Purpose is king.  Really the broader concept of purpose driven by out of inspiration.  Inspired purpose.

Inspiration and purpose create alignment.  They are the heart and connecting thread of culture.  With gobs of inspired purpose other factors like presence and collaboration, even trust, can surface.  Teams are moved to rise above dysfunction and to discipline themselves.  Conversely, in the presence of a weak purpose you struggle mightily to establish any of these other necessary behaviors.

Another bedrock is communication.  I know; this is a bit like saying your body needs food to keep going.  Not all that enlightening.  But zeroing in and anchoring on communication is quite helpful. As Westrum pointed out, it’s information flow that signals the culture.  Communication – good or bad, present or not – is both the leading indicator and step number one in remedying most of the situations we confront.  We can break it down into any number of facets – into presence, listening, empathy – but simply knowing to start by looking at communication has power.

The last one is leadership. Probably cooking is the only subject that has more books written on it, but we want to focus on just a few elements.  First is creating safety for the team, simply by standing up for them, having their back.  The second is being straight with the team; honesty.  These first two require courage.  These behaviors are also part of “being the change” in Gandhi’s words, and of leaders going first.

So what’s the point?  It’s that these are the first things you need to attend to in establishing a team, and the first things you should look to when examining a team’s functioning.

For example, Mike Cohn suggests getting a team started by having them begin producing together quickly.  Then think about other team building.  This is actually brilliant.  On a very immediate basis you’re establishing communication and some alignment to purpose; something you can then build on.

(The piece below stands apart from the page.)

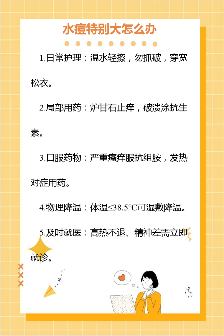 5. 及时就医:若水痘特别大且数量较多、伴有高热不退、精神萎靡、呼吸急促等症状,可能是出现了严重并发症,需及时前往医院就诊,进行相关检查和治疗。

And in remedying problems, even root causes like missing skills for example are evidenced by the person or group slipping out of communication with their work or their environment.  You can easily spot similar examples of fundamental impact of a lack of leadership.

The hypothesis, then, is that when you have these three elements, the rest – things like trust, like positive conflict, empathy, continuous improvement, team self-awareness and management – can follow.  Without them, you will struggle to achieve any of them.

Another hypothesis is that they are symbiotic; they reinforce each other.

Communication certainly improves in the presence of strong purpose. But good communication provides a supportive environment for purpose to express itself as well, and for leadership to emerge; leadership that will further nurture the other two.  And so on.

These elements and relationships have power because they are simple.  This is not to suggest throwing all other team building and coaching tools overboard!  Not at all!  But these fundamentals can provide quick reference points leading to the precise problem to be addressed and the best technique to apply.

And, admittedly, the more coaching tools we acquire the more susceptible we can sometimes become to missing the obvious.  Like when the help desk asks us, “Is the computer plugged in?”

Starting with these three bedrocks can help us to face and address some of the really hard problems, the elephants in the room – the lack of real communication, the lack of courageous leadership, the lack of purpose.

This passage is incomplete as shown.